TWO sisters killed in a Utah canyon flash flood have been named as seven-year-old Kinzley and Ellie Graff, three.
An online fundraiser paid tribute to the “sweet, beautiful girls”, adding that “words cannot describe the heartbreak of what has happened”.
The youngsters had been on a Mother's Day camping trip when they were swept to their deaths by flash floods on a canyon hiking trail.
Police said the girls were tumbled for miles through the valley "like a washing machine" as a thunderstorm turned the dry desert into a raging torrent.
A GoFundMe page says: "It is with deep sadness that we set up this page to offer support to Tim and Becky Graff as they have suffered a tragic loss of their two daughters, Kinzley and Ellie on Monday May 11th due to a flash flood in a slot canyon in Utah.
"Words cannot describe the heartbreak of what has happened and the support from family, friends and those who just want to be able to send prayers, love and thoughts to honor their beautiful daughters is truly needed.
"Through showing our love and honoring sweet Kinzley and Ellie, we are looking to support Tim and Becky through this time."
The online fundraiser hopes to secure $50,000 in donations to help cover "funeral services, medical bills, household bills, and ongoing support as Tim and Becky go through this tragedy will be necessary".
Set up by one of Becky's colleagues, it has already raised more than $32,000.
The girls were hiking with their father and mother when the storm hit on Monday.
Tim found his seven-year-old daughter’s body before authorities were called to the scene, according to Emery County Sheriff’s Office spokesperson Janalee Luke.
The family from the Salt Lake City suburb of West Jordan had been camping in the area for Mother’s Day.
Ellie was found on Tuesday, after dozens of searchers combed the area for hours with the help of helicopters about 200 miles (320 kilometers) south of Salt Lake City.
The others who escaped were with different groups, Luke said.
The Graff family had been washed three miles through the narrow rock formations in Little Wildhorse Canyon in southern Utah.
Emery County Sheriff Greg Funk told reporters: “It would be like putting them through a washing machine."
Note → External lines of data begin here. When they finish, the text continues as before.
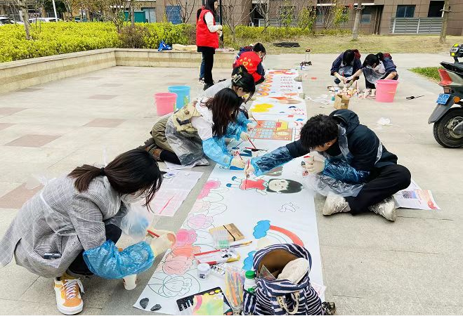 19日下午春日里阴沉的天气没有磨灭青年志愿者们的热情,“青春社区行,共画二十大”活动从绘画长卷开始。小公园里摆放着的白色长卷让人蠢蠢欲动,年轻的学子们看着印制精美的画卷都迫不及待的在长卷上大显身手。活动正式开始了,大家席地而坐挥笔泼墨,各自认领了一方“领土”,调色上色行云流水一气呵成。绘画现场吸引了众多居民驻足观赏,前来观看的孩子们也跃跃欲试,得到家长同意后也加入了绘画大军,趴在画布上,用自己纯朴的童心和稚嫩的小手,在长卷上尽情挥洒。水彩画五彩缤纷,大家充分发挥着想象力与创造力,一笔一划仔细描摹,聚精会神地画着自己心中的“党的二十大”。经过一下午的集体创作一幅10米长卷出现在了眼前。青年们用自己的想象力,勾勒出一幅栩栩如生的画面,让围观的居民赞叹不已。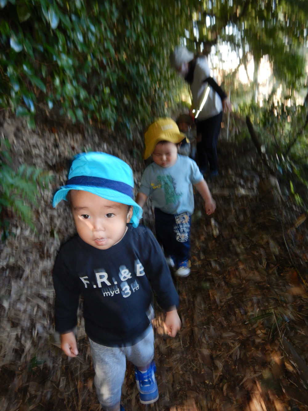 慣れない山道・・・凸凹道に時々尻もちをつきながらも、がんばって一歩一歩、しっかりあるくことができました!!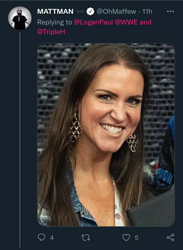 However, MATTMAN, in a hilarious yet meaningful comment, posted a zoomed countenance of Stephanie McMahon from the same photo Paul shared.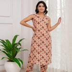 Multi Printed Straight Sleeveless Kurta Pant Set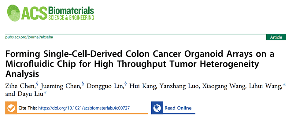 近期,广州市第一人民医院刘大渔研究员团队与暨南大学王丽辉教授团队合作,开发了一种新型微流控芯片,该芯片包含30,000个微孔,能够高通量地培养单细胞衍生的结肠癌类器官(STO)。这一技术的应用有效促进了肿瘤异质性的分析,并为个性化治疗和药物筛选提供了新的途径。研究成果以“Forming Single-Cell-Derived Colon Cancer Organoid Arrays on a Microfluidic Chip for High Throughput Tumor Heterogeneity Analysis”为题,发表在国际知名期刊《ACS Biomaterials Science & Engineering》上。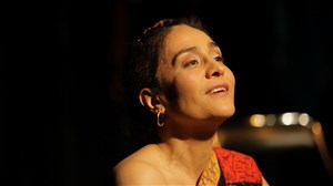 "Asuman, un vieux conteur indien, a transmis les histoires dont il est le dépositaire, à une femme, qu'il baptisera du prénom indien d'Amshula. Aujourd'hui, Amshula et son musicien, racontent sur les routes de France l'une des plus belles histoires léguées par Asuman, celle du Garçon à la peau bleue."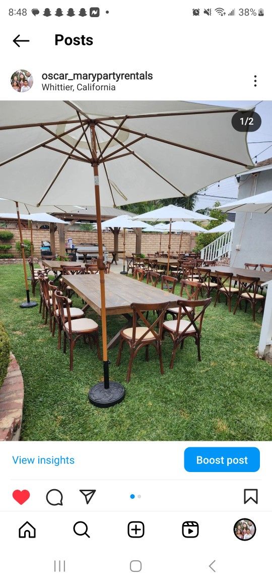 Farm tables Crossback chairs Umbrellas R E N T A L Only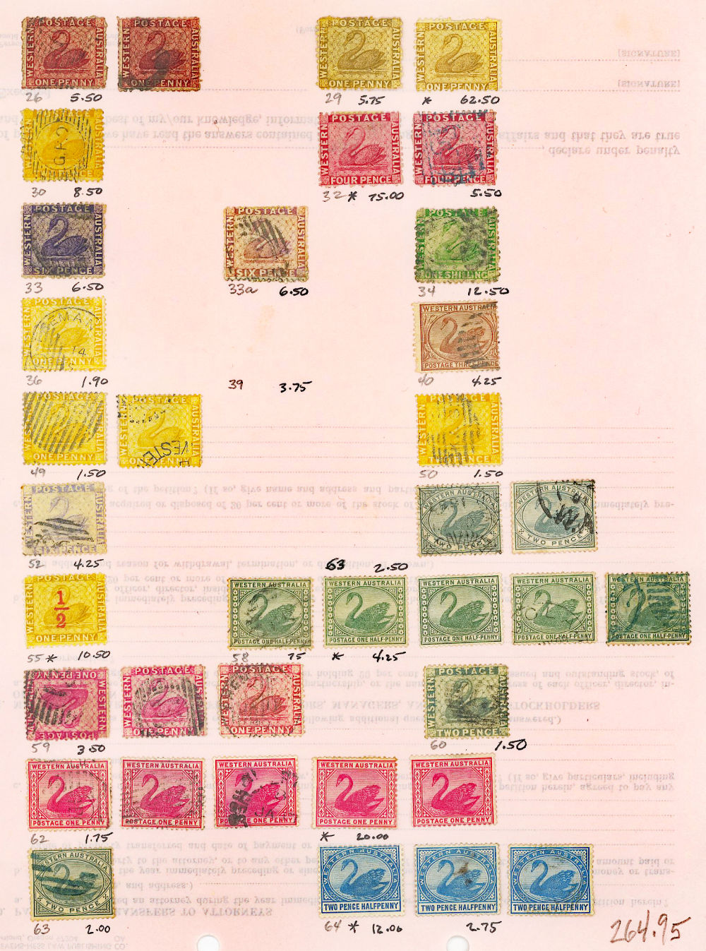 (#14/96) WEST-AUSTRALIA USE STOCK 1860-1912, 80 stamps (38 different) mounted on 3 album pages with 1-8 of each stamp, a nice range of ink shades, unchecked for papers, perfs, watermarks, town cancels, print varieties, a few BOB fiscal issues, Scott cat over $590 US ($850 CDN), VG-VF est ($50+ US) (Image)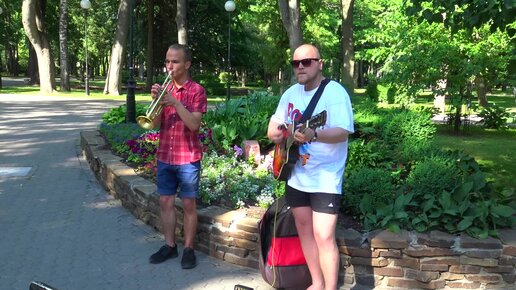 КРУТО ИГРАЮТ УЛИЧНЫЕ МУЗЫКАНТЫ... В ПАРКЕ, ГИТАРИСТ И ТРУБАЧ.

The girls' father saw water gushing from the mouth of the canyon and found seven-year-old Kinzley lifeless.
He tried to give CPR but could not revive her, reported Deseret News.
Eighty people joined the search for Ellie after a piece of the toddler's clothing was found seven miles downstream.
Her body was spotted by a helicopter on Tuesday nearly 30 miles away on the bank of the Muddy Creek wash near Hanksville.
At least 21 other hikers who were trapped by the canyon flood made it out safely, sheriffs said.
The GoFundMe page says: "Becky and Tim were always on a family adventure with their girls – biking, hiking, camping, etc.
"Tim is the perfect 'girl' Dad.
"He was always letting the girls paint his nails, put bows in his hair, do his make-up, and he would actually go to the store with them dressed that way.
"Yesterday Becky spoke to how everything they did for their business and life was centered around those two girls so they could make an impact and leave a legacy for them."
Little Wild Horse Canyon is considered a popular, family friendly trail that displays awe-inspiring colorful stone walls.
But flash flooding is a risk in the narrow formations known as a slot canyons.
Desert rains can be dangerous because the hard earth doesn’t soak up much water.
Instead, the rain collects quickly, often filling narrow slot canyons like a bathtub.
Plus, its high, undulating walls have few exits for any hikers inside when the weather hits, quickly turning a casual hike into a dangerous situation.
Survivors of Monday's flash flood told how the canyon sides became waterfalls after the freak storm dumped inches of rain and nickel-sized hailstones.
Some posted pictures and videos on Facebook showing the water rushing from higher ground into the gulch.
One said: “We were pinned just above narrow slots in awe and fear as the bone dry creek bed quickly rose with swiftly moving muddy water.
“The canyon walls became waterfalls, large hailstones accumulated and rocks were crashing down."